Greenwave Technology Solutions Announces $3.2 Million Registered Direct Offering Priced Above Market

22 August 2023

Greenwave Technology Solutions, Inc. (NASDAQ: GWAV), a leading operator of metal recycling facilities in Virginia, North Carolina, and Cleveland, Ohio, is excited to announce a definitive agreement with select institutional and accredited investors for the purchase and sale of 2,511,166 shares of common stock in a registered direct offering, priced at $1.27 per share. This offering is accompanied by a warrant, resulting in total gross proceeds of $3.2 million for the Company. The net proceeds from this transaction will be directed towards expanding metal recycling operations, accretive acquisitions, and general corporate purposes.

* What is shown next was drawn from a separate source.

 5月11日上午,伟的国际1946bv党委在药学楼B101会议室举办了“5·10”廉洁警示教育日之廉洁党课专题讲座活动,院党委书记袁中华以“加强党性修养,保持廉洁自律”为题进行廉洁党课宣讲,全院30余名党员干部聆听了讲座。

In this venture, The Special Equities Group, a division of Dawson James Securities Inc., acts as the sole placement agent.

Concurrently, the Company has agreed to issue unregistered warrants to these investors through a private placement, allowing for the purchase of up to 5,022,332 shares of common stock. These warrants hold an exercise price of $1.02 per share, are immediately exercisable upon issuance, and will remain valid for 5.5 years from the issuance date. The Company has committed to submitting a registration statement under the Securities Act of 1933 with the Securities and Exchange Commission (SEC) to cover the resale of the common stock issuable upon exercising the warrants. The offering is set to close around August 22, 2023, subject to customary closing conditions.

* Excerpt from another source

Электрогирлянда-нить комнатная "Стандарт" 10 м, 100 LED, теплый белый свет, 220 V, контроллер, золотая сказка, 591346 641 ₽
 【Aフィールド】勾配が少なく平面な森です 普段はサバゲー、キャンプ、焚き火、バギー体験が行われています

The shares of common stock being offered are made under a "shelf" registration statement on Form S-3 (File No. 333-271324) filed with the SEC on April 18, 2023, which was subsequently amended on April 26, 2023, and declared effective by the SEC on April 28, 2023. The registered direct offering of these shares is carried out using a prospectus supplement, which is part of the effective registration statement. The final prospectus supplement and corresponding base prospectus related to this offering will be filed with the SEC. Interested parties can access these documents for free through EDGAR on the SEC's website at, or by reaching out to [email protected] or contacting the principal executive offices at 4016 Raintree Rd, Ste 300, Chesapeake, VA 23321, c/o Corporate Secretary, (800) 490-5020.

The unregistered warrants, along with the common stock they represent, are offered in a private placement under Section 4(a)(2) of the Act and Regulation D. They have not been registered under the Act or relevant state securities laws, thus they may not be reoffered or resold in the United States except under an effective registration statement or applicable exemptions from the registration requirements of the Act and state securities laws.

This press release is not intended as an offer to sell or a solicitation to buy the securities mentioned herein, nor shall it constitute an offer, solicitation, or sale in any state where such actions would be unlawful without prior registration or qualification under the securities laws of that state.